Старик нахмурился. Марбе медленно поднял брови:
— Неужто ты не шутил, заговаривая о союзнике? — недоверчиво уточнил он.
Старейшины сгорбились, подняв плечи, и стали похожи на хитрых, всклокоченных птиц-падальщиков, скромно ожидающих своего часа. Правитель широко улыбнулся им.
— Не о чем думать, — зазвучал его весёлый и властный голос. — Уан Каогре не ответил бы на мольбы о помощи, а уан Кереф не столь глуп, чтобы молить о ней. И хотел бы я понять, кто ведёт восточное войско и чего он хочет. Одно точно — сейчас мы не можем двинуться к крепости, оставляя неизвестной силе прекрасную возможность ударить нам в тыл. Напротив, я предлагаю отступить на велед.
— Но что нам даст отступление, мой повелитель? — сипло осведомился Голос.
Марбе смерил его неприятным взглядом и продолжил, не отвечая:
— Да, и кроме того, отправьте к чужому войску ещё одну птицу. Пусть сбросит такое послание: «Я, уан Ирил Марбе, требую: назовите себя. Даю вам срок до рассвета нового дня.
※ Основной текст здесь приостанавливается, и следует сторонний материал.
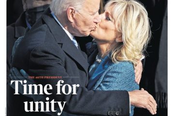 The Times pictures Joe Biden kissing his wife Jill. The paper says that after being sworn in, the new US president echoed Abraham Lincoln in pledging that “my whole soul is in this” as he implored Americans to join him in “renewal and resolve”.
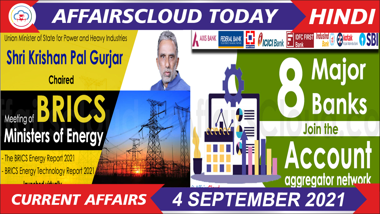 हैलो दोस्तों, affairscloud.com में आपका स्वागत है। हम यहां आपके लिए 4 सितंबर 2021 के महत्वपूर्ण करंट अफेयर्स को विभिन्न अख़बारों जैसे द हिंदू, द इकोनॉमिक टाइम्स, पीआईबी, टाइम्स ऑफ इंडिया, इंडिया टुडे, इंडियन एक्सप्रेस, बिजनेस स्टैंडर्ड,जागरण से चुन करके एक अनूठे रूप में पेश करते हैं। हमारे Current Affairs से आपको बैंकिंग, बीमा, यूपीएससी, एसएससी, सीएलएटी, रेलवे और अन्य सभी प्रतियोगी परीक्षाओं में अच्छे अंक प्राप्त करने में मदद मिलेगी
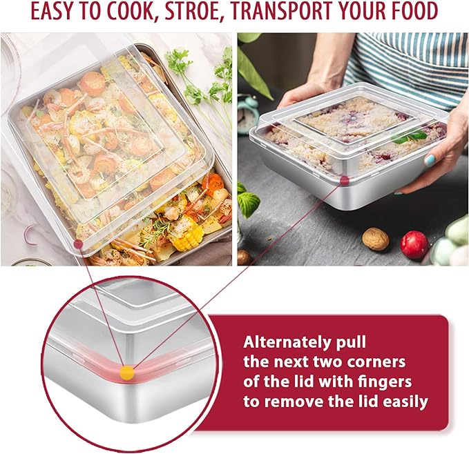• GREAT BONUS - Rectangle and square pan both come with secure plastic covers, Making storage and transport of baked goods convenient, No plastic wrap or foil required, Fridge & Freezer Safe to keep your food fresh, See-through lid lets you can see what's inside and how much is left without removing it
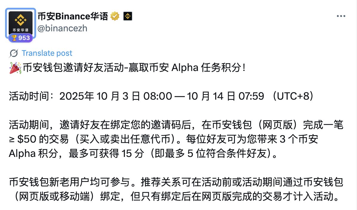 刷 alpha 副本任务来了: ——活动期间绑码后在网页端完成 ≥50u 交易,单个完成可以增加 3 分,最多15 分,注意下时间,14号 8 点截止 另外第一个加 5 分的活动明早 8 点结束,如果没做可以配合第 2 个活动最多领取 20 分,一定要在网页版交易! 邀请好友:https://t.co/tGp3diecm1 邀请码:CUJ6PBS3 如何找到自己的邀请码:币安钱包主页——邀请好友
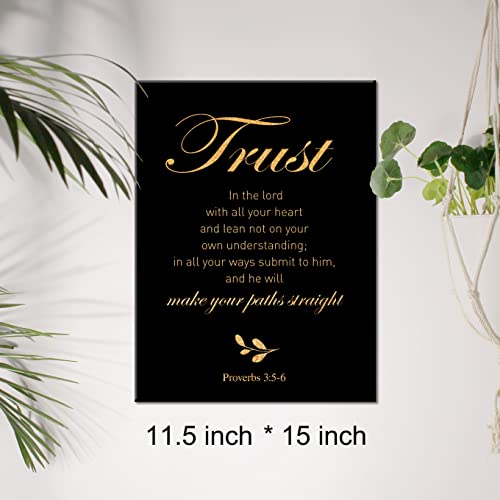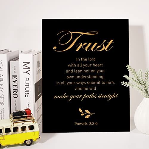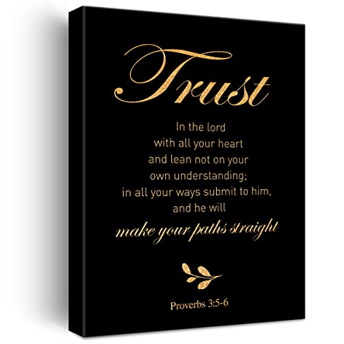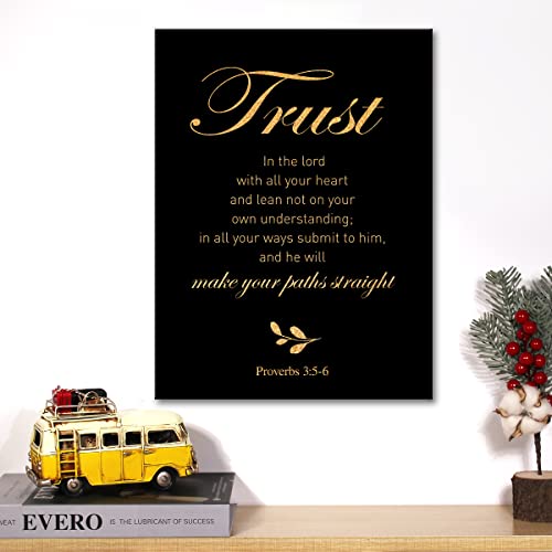 JerLoe - جيروي لوحة فنية جدارية من قماش الفويل الذهبي المسيحي بطبعة «Trust in the Lord With All Your Heart» مؤطرة، لوحة فنية فنية لديكور المنزل، هدايا 12 × 15 انش
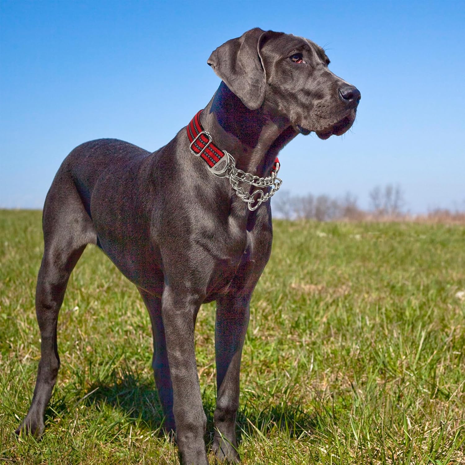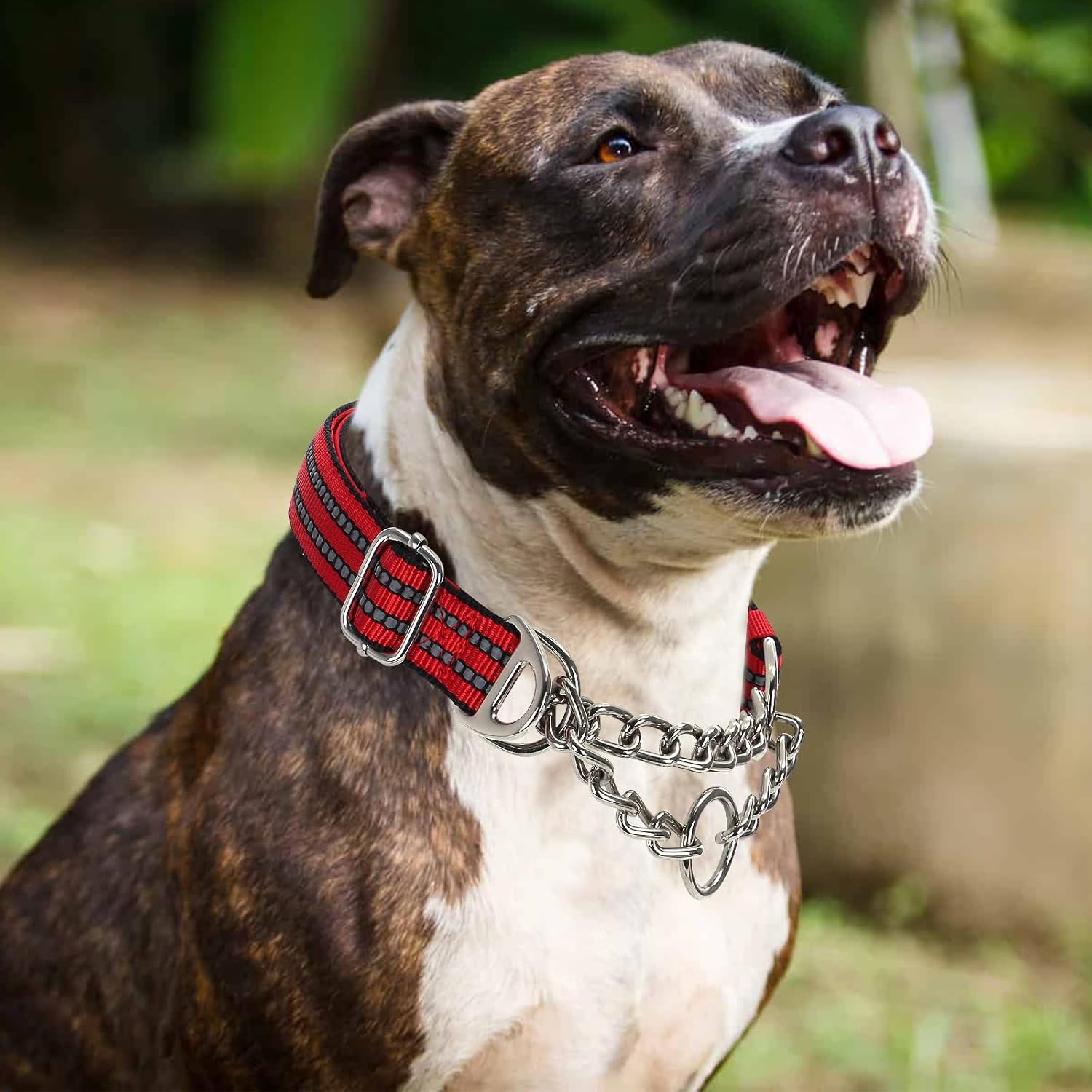 Martingale Dog Collar for Training,Adjustable No Pull Reflective Collar with Chain Collars for X-Large Dogs Secure/Comfortable Walking Collar for Night Safety(Red XL)
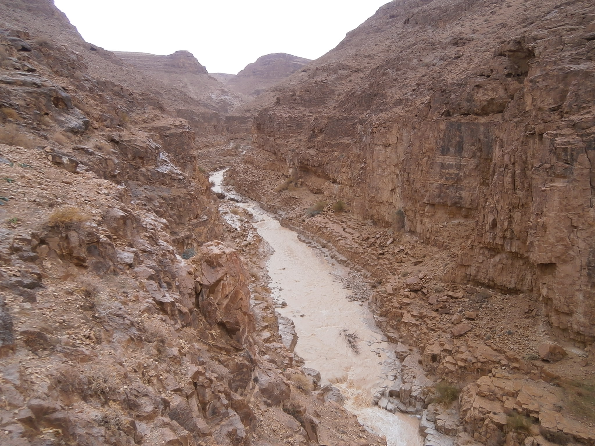 Я пробежалась немного вверх по течению, пытаясь присмотреть подходящее место для перехода. Но поток в нахале был настолько сильный, что безопасно перейти его вброд было невозможно. Однако картина текущего по пустыне нахаля была великолепна!

Если требование не будет выполнено, я догоню и разобью наголову ваши жалкие четыре сотни, а потом уже без лишних волнений примусь за уана Керефа».
Ветер весь день, не уставая, упрямо толкал в спину; низко летели облака. Ченьхе казалось, их можно ухватить, стоит вытянуть руку.
— Какие странные, — пробормотал он.
Йнаи отозвался тотчас:
— Вестники зловещего края, где не бывал никто живой.
Небеса полнились мятущимися тенями, они слетелись отовсюду, чтобы оплакать погибшее селение. Там, где прежде стояли дома, теперь лежали обгорелые кости и куски обожжённой глины — остатки стен, под ними пряталась зола. Если и было здесь что другое прежде, добычу поделили меж собой ветер и время. Кое-где черепки сложились аккуратными кучками, словно хижины людей обратились в домики духов.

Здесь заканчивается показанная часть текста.